[Material provided — start]
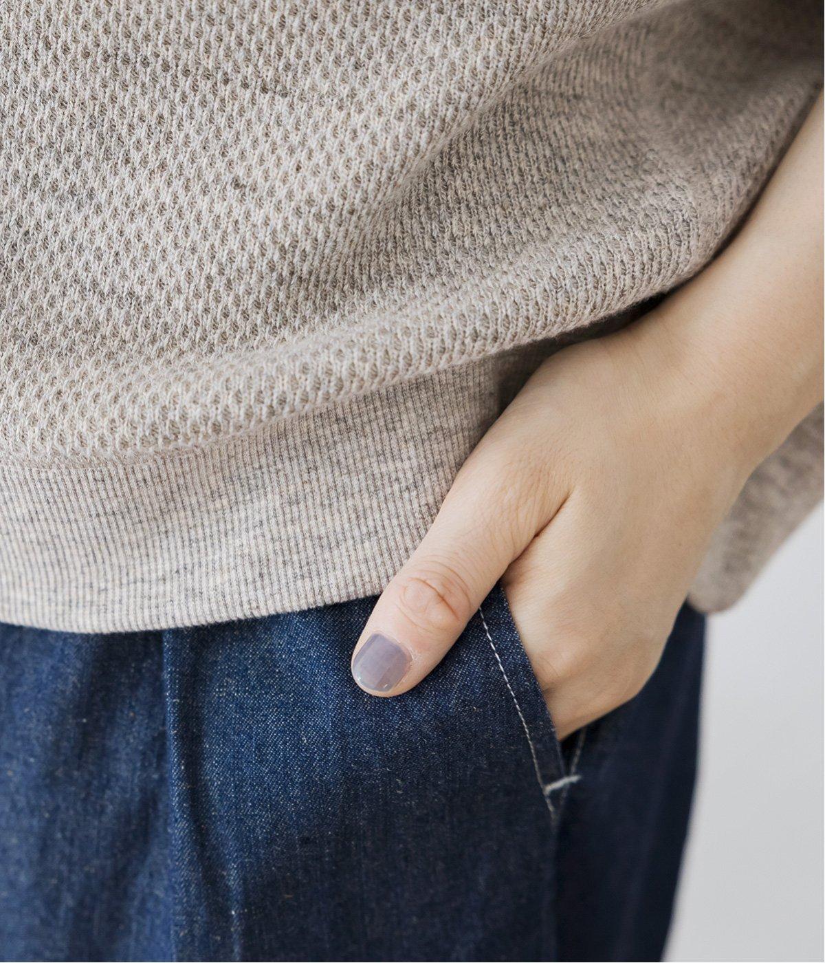 重ね着をしても窮屈感のない、ゆったりとしたL字型のアームホール。ゆるやかなラインが動きやすく、自然な抜け感を与えます。
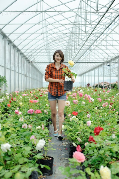 Женщина, работающая в оранжерее
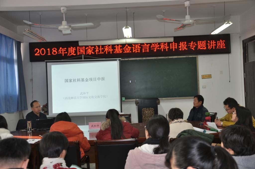 12月22日下午,在214会议室,365在线体育投注官网举办了2018年度国家社科语言类项目申报专题培训讲座。讲座邀请到了西北师范大学国际文化交流公司经理、博士生导师武和平教授,参加讲座的有杜建慧教授、郭万群教授、姚晓鸣教授、刘卫红教授以及365在线体育投注官网各研究所骨干教师。
[Material provided — finish]
== Your task ==
Print out the whole listing word for word. Leave the pictures out.

== Problem solution ==
 重ね着をしても窮屈感のない、ゆったりとしたL字型のアームホール。ゆるやかなラインが動きやすく、自然な抜け感を与えます。
 Женщина, работающая в оранжерее
 12月22日下午,在214会议室,365在线体育投注官网举办了2018年度国家社科语言类项目申报专题培训讲座。讲座邀请到了西北师范大学国际文化交流公司经理、博士生导师武和平教授,参加讲座的有杜建慧教授、郭万群教授、姚晓鸣教授、刘卫红教授以及365在线体育投注官网各研究所骨干教师。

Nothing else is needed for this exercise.